▸ Record extracts
[Start of section]
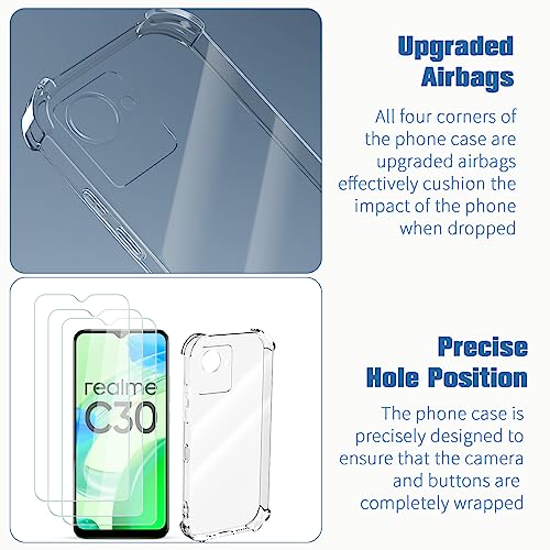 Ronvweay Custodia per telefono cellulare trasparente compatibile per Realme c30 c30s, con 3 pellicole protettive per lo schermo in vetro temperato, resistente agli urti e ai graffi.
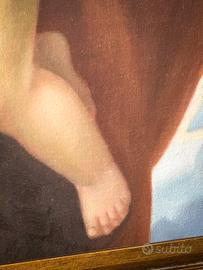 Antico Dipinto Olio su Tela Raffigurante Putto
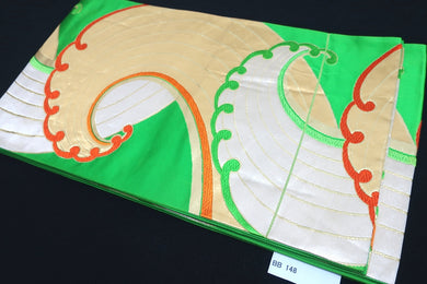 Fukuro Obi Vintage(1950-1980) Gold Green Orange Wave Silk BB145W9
[End of section]
[Start of section]
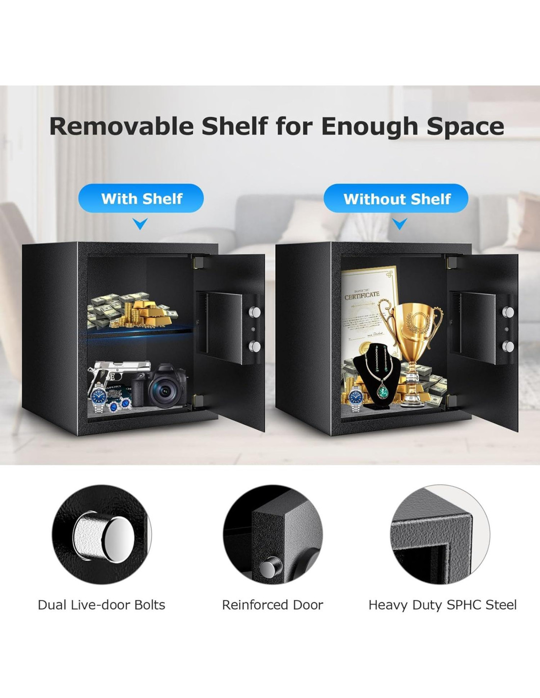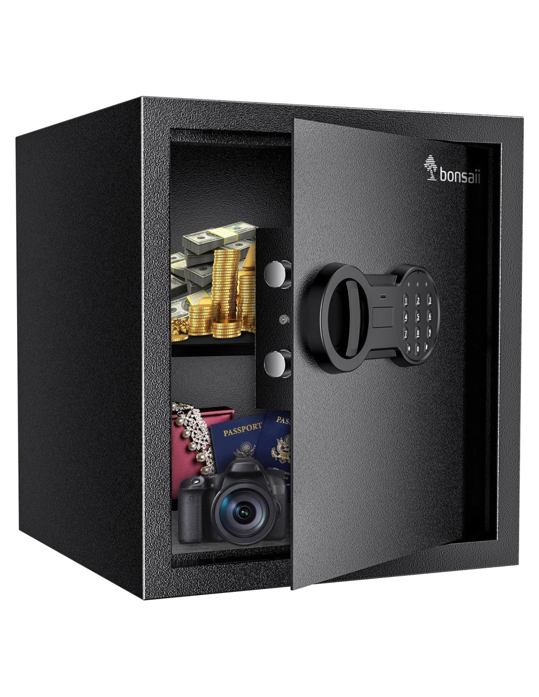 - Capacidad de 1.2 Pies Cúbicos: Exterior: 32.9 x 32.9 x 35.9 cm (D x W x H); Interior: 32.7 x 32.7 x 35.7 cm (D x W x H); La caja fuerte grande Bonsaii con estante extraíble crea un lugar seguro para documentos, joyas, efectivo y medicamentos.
[End of section]
▸ What the task asks
Above are some records; extract exactly the lines from the one containing "Ronvweay Custodia per" through the one containing "Fukuro Obi Vintage(1950-1980)" and drop the pictures.

▸ The answer
 Ronvweay Custodia per telefono cellulare trasparente compatibile per Realme c30 c30s, con 3 pellicole protettive per lo schermo in vetro temperato, resistente agli urti e ai graffi.
 Antico Dipinto Olio su Tela Raffigurante Putto
 Fukuro Obi Vintage(1950-1980) Gold Green Orange Wave Silk BB145W9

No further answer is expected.